Mazda Australia public relations senior manager Steve Maciver confirmed the shift was part of the company’s global strategy to more evenly distribute production across Japan and other countries.

“We’re a global car company,” Maciver said. “We’ve got plants not just in Japan but in several other countries, and what we are trying to do as a company is to broaden our manufacturing footprint that has us manufacturing about 50 per cent of our cars in Japan and about 50 per cent of the cars outside of Japan.

“The reason for doing that is of course when there’s currency fluctuation. If we have manufacturing more evenly split across the globe that allows us to protect ourselves a little bit from currency fluctuation, so our plan is to take Mazda 2 out of there.

“Thailand has got a history of producing Mazda 2 and has been doing a great job with that.”

Maciver said the quality of the cars coming out of Thailand would be no different to vehicles sourced from Japan.

“We take BT-50 from Thailand, so as far as we’re concerned it’s a move we’re completely comfortable with,” he said.

“In terms of quality control it’s a Mazda plant, there’s Mazda people working there, and every car that comes off the line will go through the same stringent quality control as any Mazda car coming off the line in Japan or otherwise would.”

He said the interior materials and specifications of the cars built in Thailand should be “pretty much the same as what we’d expect from a car coming out of Japan”.

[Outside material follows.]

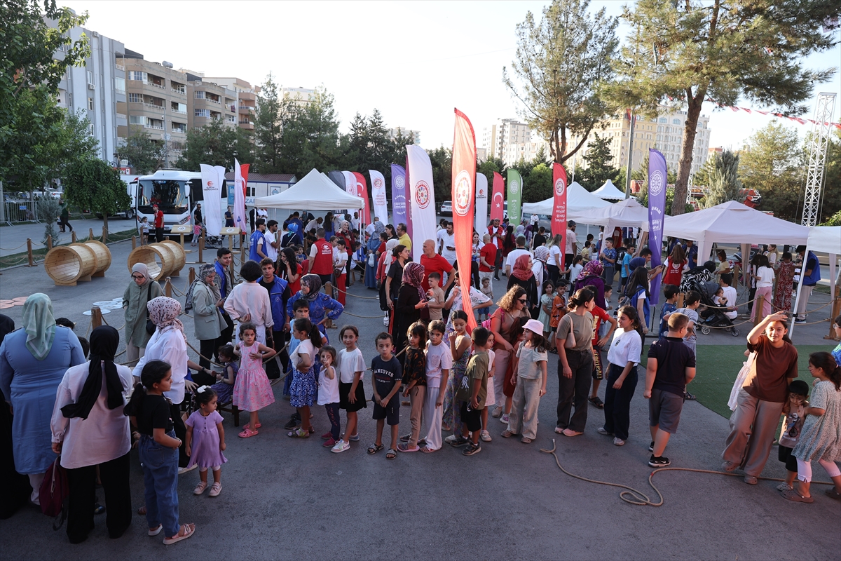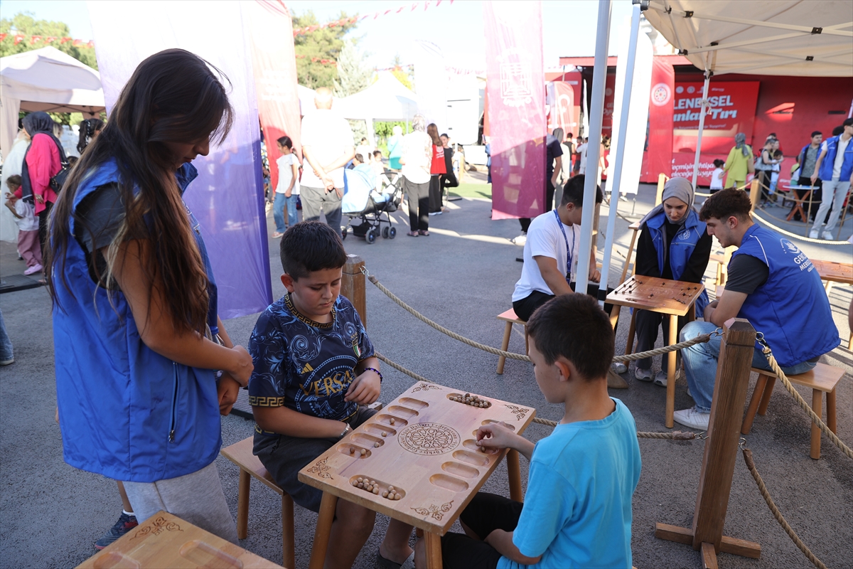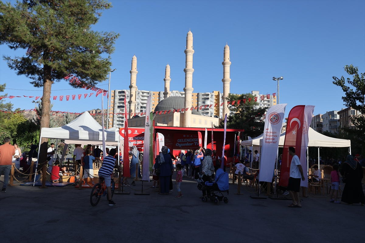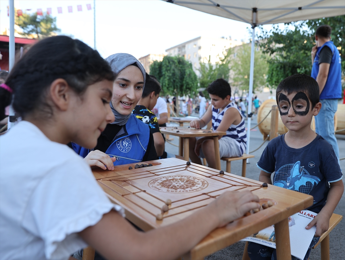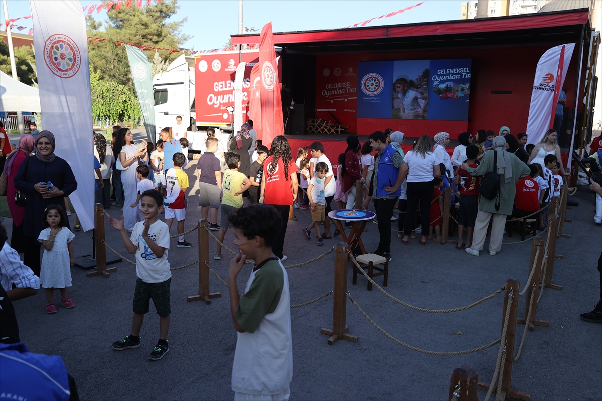 Merkez Artuklu ilçesindeki 15 Temmuz Demokrasi ve Şehitler Parkı'nda konuşlandırılan tırdaki etkinliklerle çocuklar unutulmaya yüz tutmuş geleneksel oyunları oynama fırsatı buldu.

Maciver said the shift would have no impact on the pricing of the new Mazda 2, insisting that the car would be priced against its competitors regardless of its country of origin.

Mazda Australia has sourced the 2 from Japan since the city car’s introduction to our market in 2002. It switched production to Thailand in 2011 as part of a push to increase the number of vehicles it imported from the plant, but shifted back to Japan about 12 months later as demand from other markets for Thai-produced vehicles increased.

Maciver expects the Thailand shift to be a permanent one this time, though admitted that plan could change further down the track.